Digital Transformation is the latest wave of applying digital technologies to improve government services and operations. In this blog, I’ll explore what Digital Transformation in government really is and how it differs from other initiatives of applying digital technology in government.
The use of digital technologies in government started several decades ago with the introduction of the first mainframe computer into government and has been growing ever since. Before we got to the era of “Digital Transformation” what were the main waves of applying technology in government and how is “Digital Transformation” different?
- The first wave was “Government Computerization“: This was the wave of using computers to improve the key internal government operations, such as better accounting, planning and consolidation. This is, for most of the world’s governments, a mature and largely done phase. Improvements, upgrades and enhancements of the systems will continue especially as impacted by the other waves described below.
- The second wave was the era of “E-Government“: E-Governemnt (“E-Gov” for short) was characterized by using the Internet specifically to digitize government processes and in particular government services as used by the public. This wave consisted predominantly of implementing the digital equivalent to legacy government services.
- The third wave was the era of “Smart Government” which built on e-gov by re-imagining government processes to be more citizen-centric rather than the traditional department-centric design of processes. This wave greatly improved the way citizen’s interact with government and presented them with a single-window to government and also afforded government a 360-degree comprehensive view of the citizen. This wave is still unfolding around the world and will continue to develop over the next several years. New technological breakthroughs, such as Blockchain and Machine Learning, are opening up new vistas for improved service and operations.
- The fourth and newest wave is Digital Transformation of Government. What sets Digital Transformation apart from “Smart Government” is that Digital Transformation is defined as the initiative(s) resulting from addressing one or more of the following questions:
- How can we use data, and Big Data in particular, to provide services or do something that could not be provided or done otherwise?
- How can we use IoT (Internet of Things) to provide services or do something that could not be provided or done otherwise?
- How can “Data” become the service?
In this blog, part 1 of a 2-part series, I will briefly examine the first point above, the use of data and big data to offer services that could not be done otherwise. This is known as the “Data Driven Government“.

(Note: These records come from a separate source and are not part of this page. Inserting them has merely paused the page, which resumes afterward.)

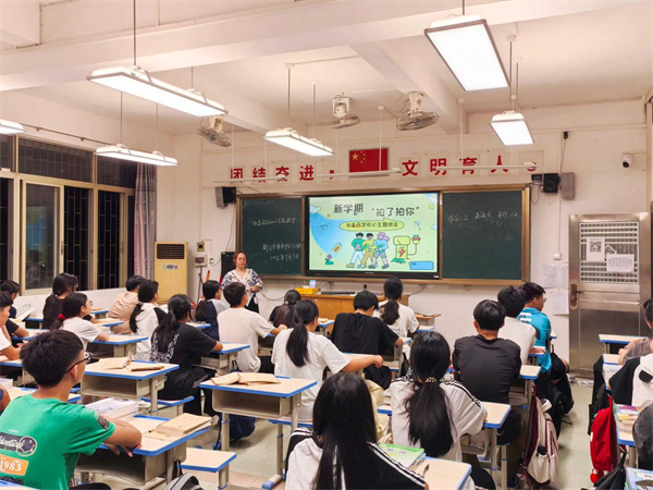 面对开学初普遍存在的“开学综合征”,学校在9月第一周全面启动“新学期,拍了拍你”收心主题班会课程。各班班主任精心设计班会流程,通过"假期趣事分享"让学生们坦然告别假期;“新学期展望”环节鼓励学生表达期待与担忧;最后通过“重温班规班约”,师生共同建立行为规范。1900多名学生在这场情感共鸣中完成了心理状态的平稳过渡,为新学期奠定了坚实基础。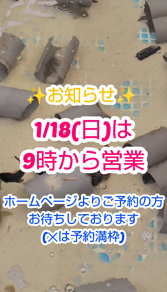 不定期営業でご迷惑をお掛けしております。1月18日(日)は9時から営業致します。現在、ご予約受付中です!!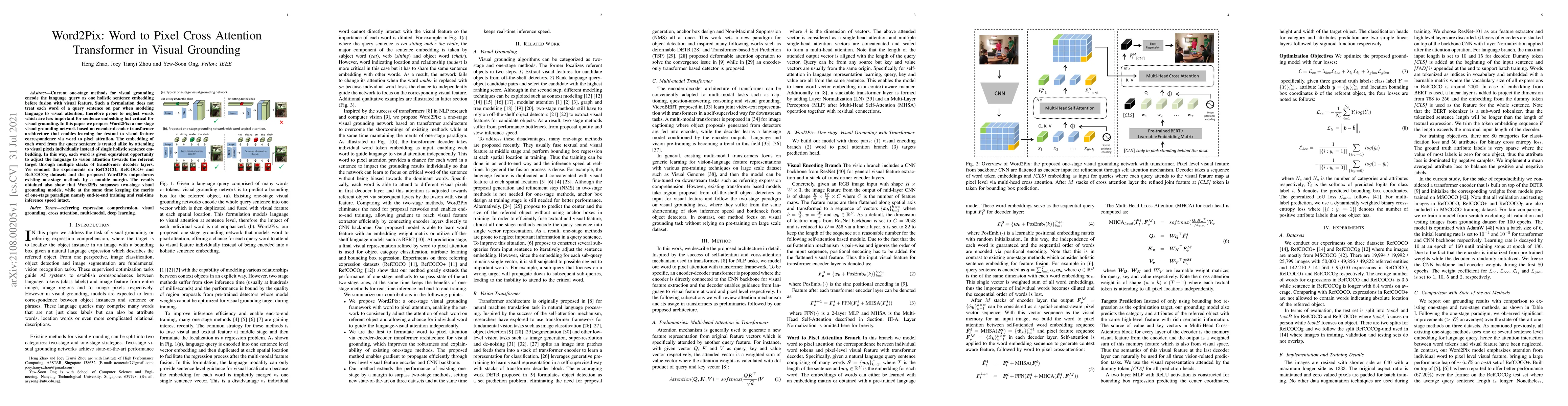 Word2Pix proposes a transformer-based visual grounding network that treats each word in a query sentence equally through word-to-pixel attention, outperforming existing one-stage and two-stage methods on datasets like RefCOCO while maintaining the benefits of one-stage models.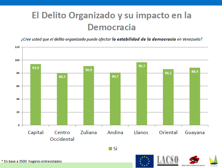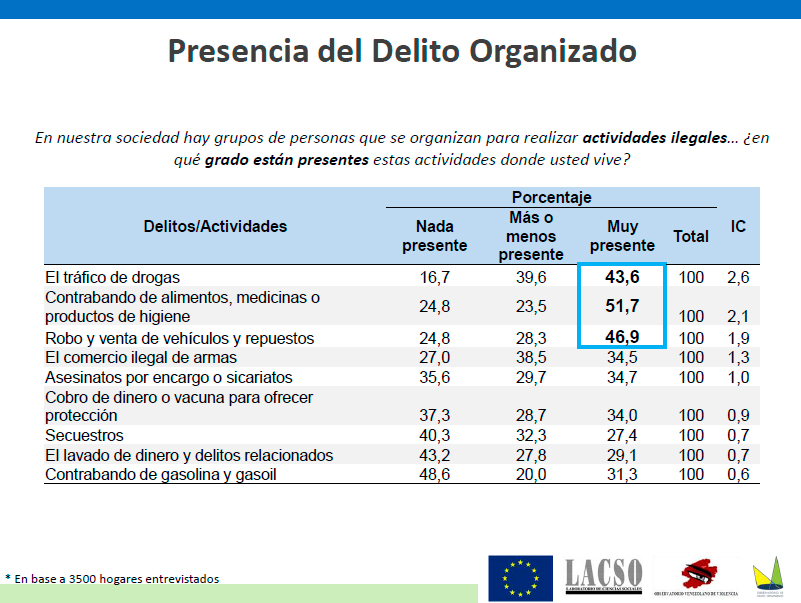 Roberto Briceño León, representante de LACSO, destaca varias conclusiones importantes sobre los resultados de la encuesta: La primera es que el  delito organizado está presente en todo el país, aunque de manera desigual. La segunda es que la encuesta atribuye el delito organizado a la delincuencia común, a las mafias, a los pranes en las cárceles, pero no a la guerrilla ni a los paramilitares. Considera además que los militares han sido corrompidos por el narcotráfico.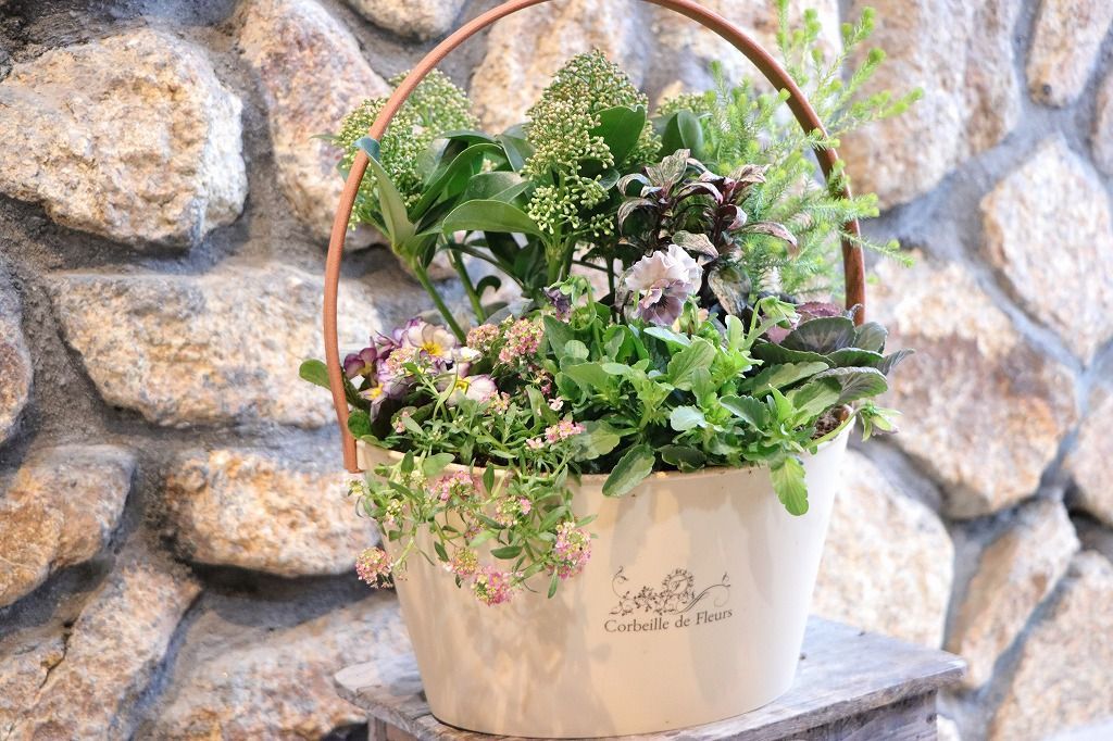 季節の花苗を使い、可愛いパステルカラーの持ち手付き植木鉢に寄せ植えしました♪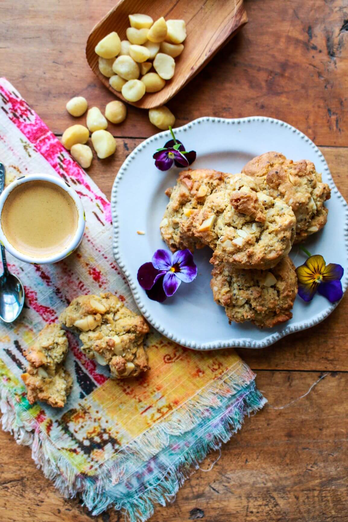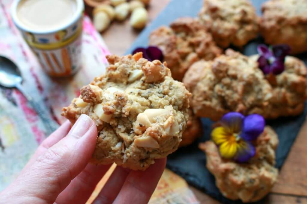 A plant-powered spinoff from classic white chocolate macadamia nut cookies, this yummy vegan cookie recipe is modest in added sugars, and packed with the power of chia, flax, coconut, and almond flour. As delicious as they are pretty!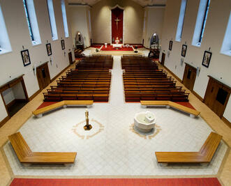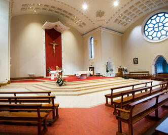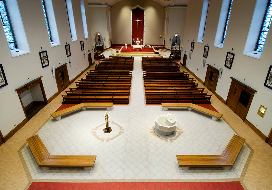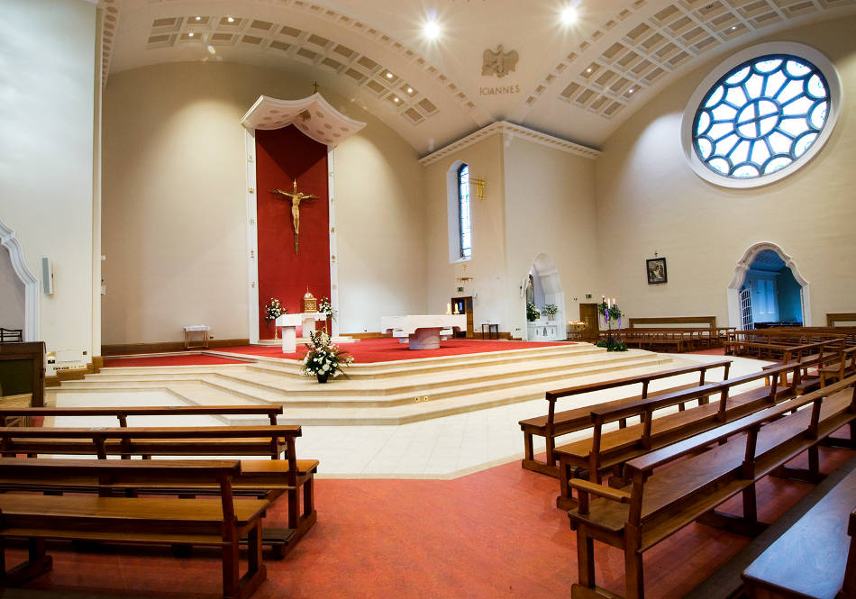 Thomas Garland & Partners were the Structural and Civil Engineers for the original church, which opened in 1956. Due to the passage of time, a major refurbishment was planned for the Jubilee Celebrations. The project involved the complete survey of the original building fabric and a programme of works was agreed with the parish. A new zoned under-floor heating system was installed which required the entire ground floor to be removed. The new 200mm thick concrete slab was poured incorporating the under-floor heating loops within its depth rather than the traditional 2-stage slab construction. Polypropylene fibre reinforcement was used in lieu of steel mesh. Provision was made in the slab for all the services to items such as the new Baptismal Font, the Ambo and Altar. An extensive system of walkways were installed in the attic space to allow for all the new lights to be serviced from that space rather than bringing hoists into the church. Archbishop Martin rededicated the church on the 17th February 2007.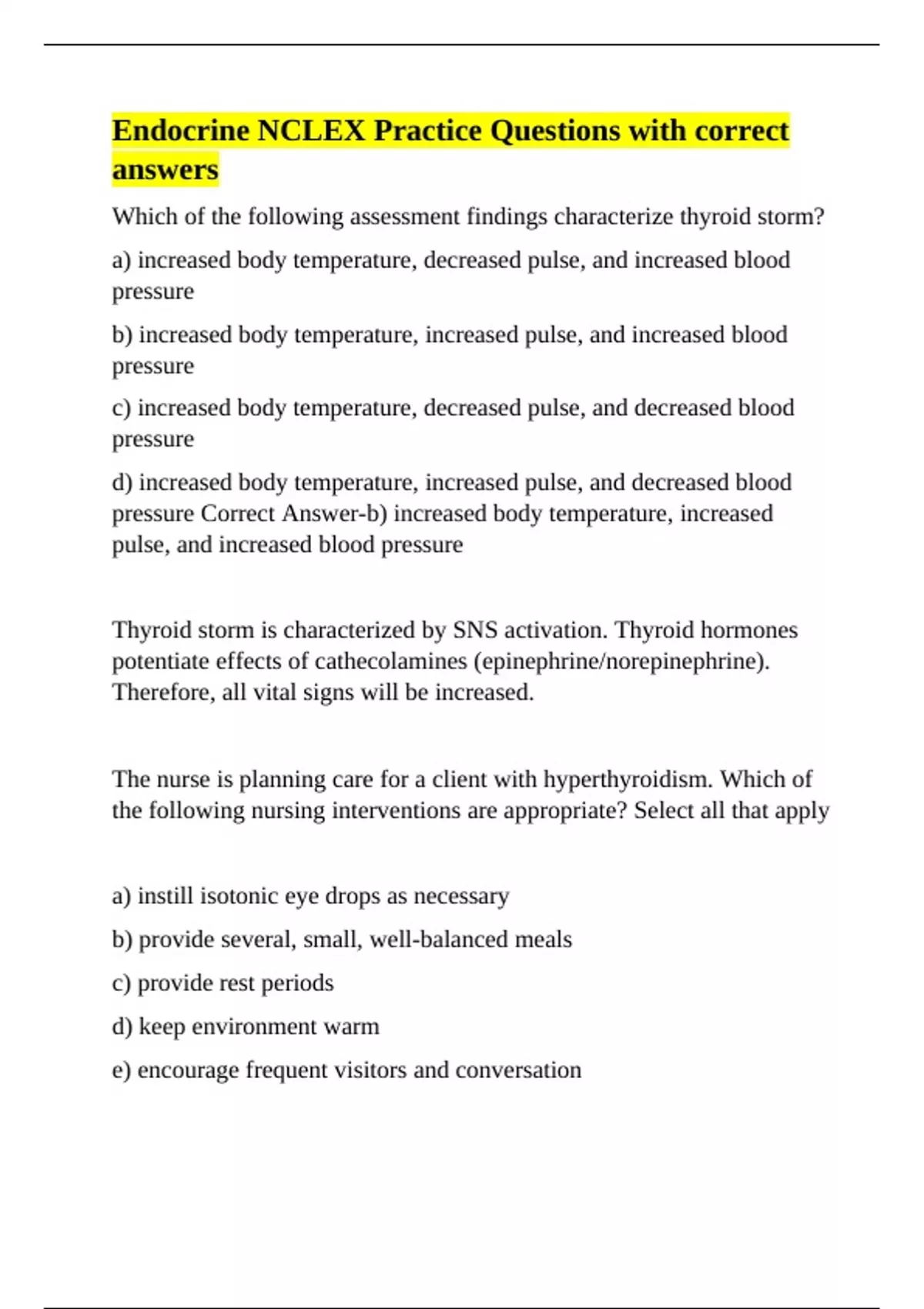 Thyroid storm is characterized by SNS activation. Thyroid hormones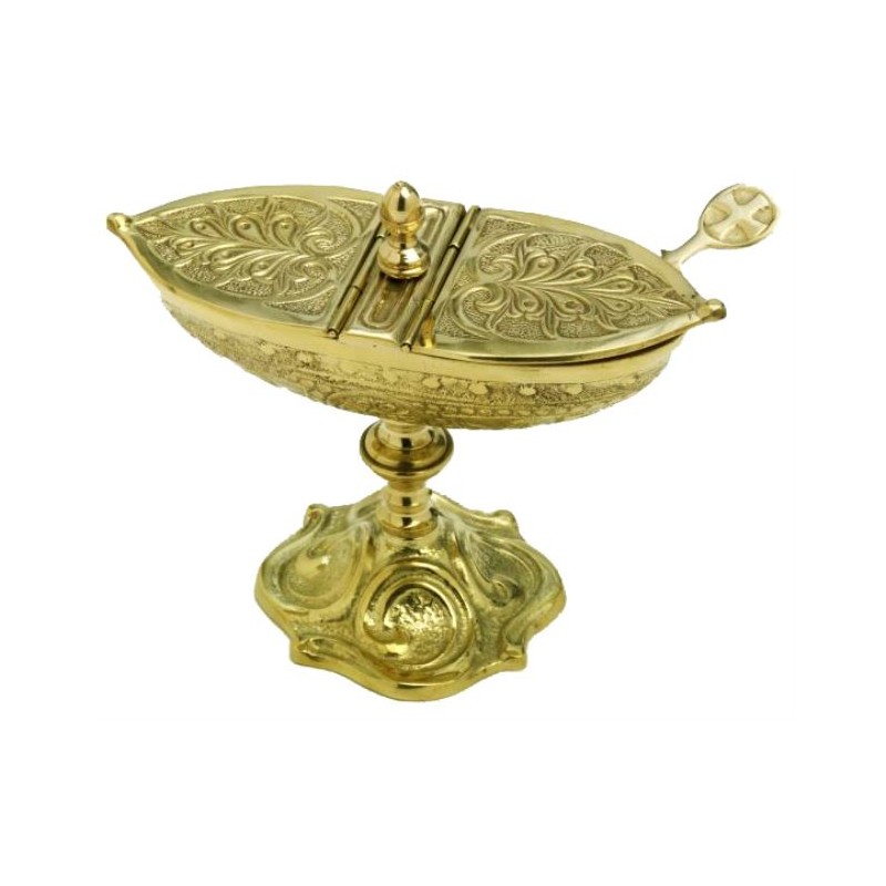 Navette dorée pour Encens + Cuillère - H 13 cm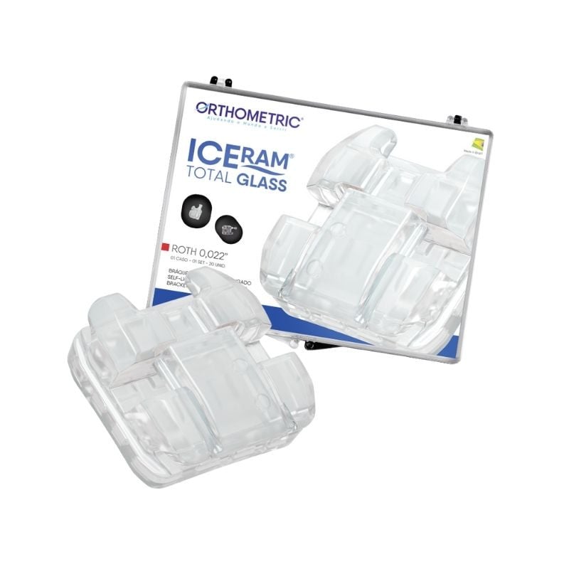 O Kit Bráquete Cerâmico Autoligado Iceram Total Glass Roth 022 é indicado para pacientes que priorizam estética e conforto, o bráquete cerâmico Roth 0,022 com gancho nos caninos e pré-molares se destaca na fase de alinhamento e finalização. O conjunto 5x5 inclui 20 unidades, pronto para aplicação clínica.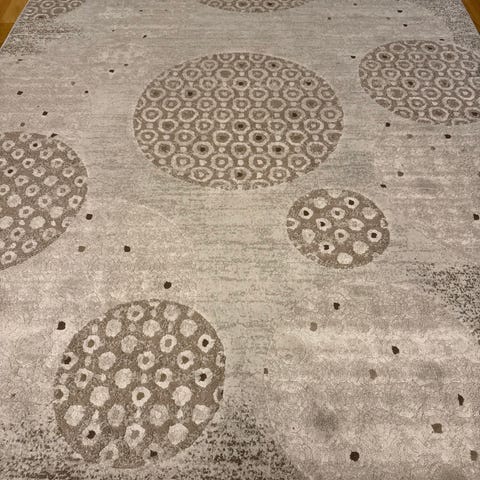 Lys beige teppe med blått mønster fra søstrene Grene. Noen år, men ligget under bord som ikke er mye brukt som sitte og spiseplass. Dyrefritt hjem. Nyvasket, kan vaskes i maskin. Må hentes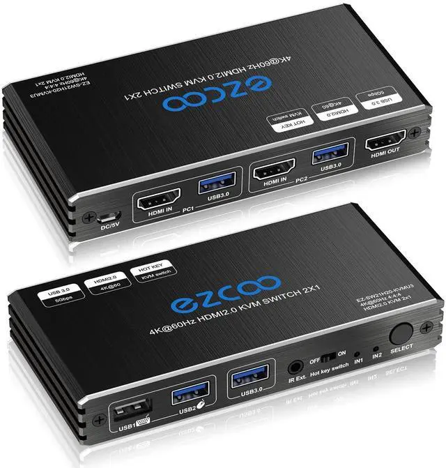 4K HDMI IN/ OUT KVM Switch 2x1 Hotkey -- USB 3.0 2-ports and HDMI 2.0 control 2 computers with one set of mouse, keyboard and 1 monitor. USB 2.0 2-ports, USB 3.0 in front side for USB peripheral devices. 4K HDR Vision Atmos HDMI 2 in 1 out KVM switcher for PS5 1080p 120Hz, Xbox series, PS4, Fire TV, Windows, MacOS, Android, Linux.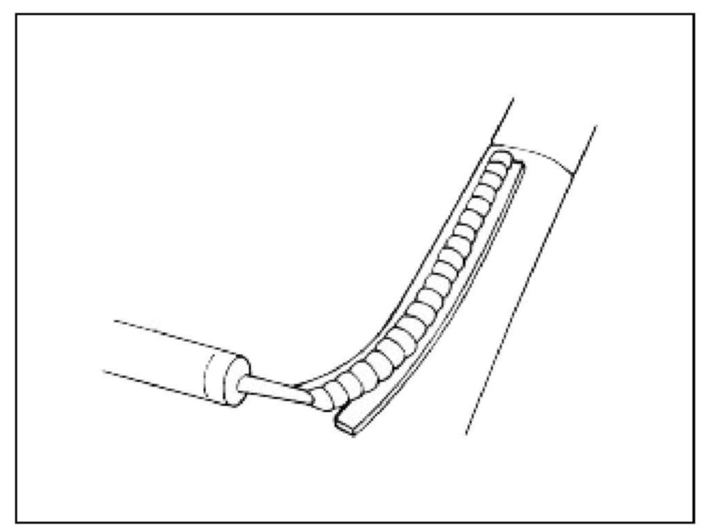 7. Install the self-adhesive foam dam to the body where the original dam had been.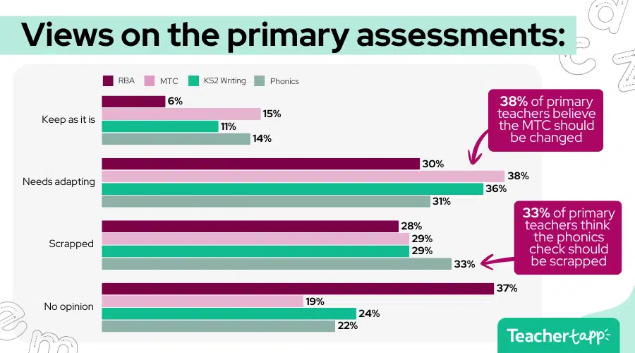 However, a third of teachers would scrap the phonics check altogether, compared to 29% who would scrap the MTC and KS2 Writing, and 28% who want to drop the RBA.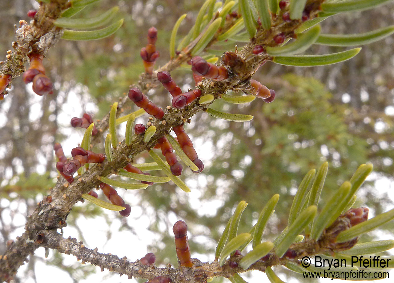 Like other mistletoes, Dwarf Mistletoe (Arceuthobium pusillum) is a bit of a thief, actually a hemiparasite, which means it steals minerals and fluids from its host plant, and also generates some of its own energy through photosynthesis. It grows within the branches of pine, spruce, fir, or tamarack, sometimes causing unusual growths of twigs on the host, called witches brooms.

Government (every government) is one of the most prolific generators of data: every transaction or interaction between government and citizen, or between government and business results in ever more data added to government. The challenge is not in having enough data but rather in turning this data into actionable insight and valuable information. Up until recently, few organizations had the ability to sift through this huge amount of data and glean valuable information out of it. Recent advances however are making it possible for large and small governments to undertake this very effectively. These advances include pervasive- or hyper-connectivity (with all system being connected to the Internet and each other), cost-effective super-computing using industry-standard platforms, cloud computing and improved cyber-security.
“Data Driven Government” is the use of Big Data coupled with advanced and predictive analytics to inform government decisions, provide greater insight and allow government to allocate resources to where they are most effective and impactful.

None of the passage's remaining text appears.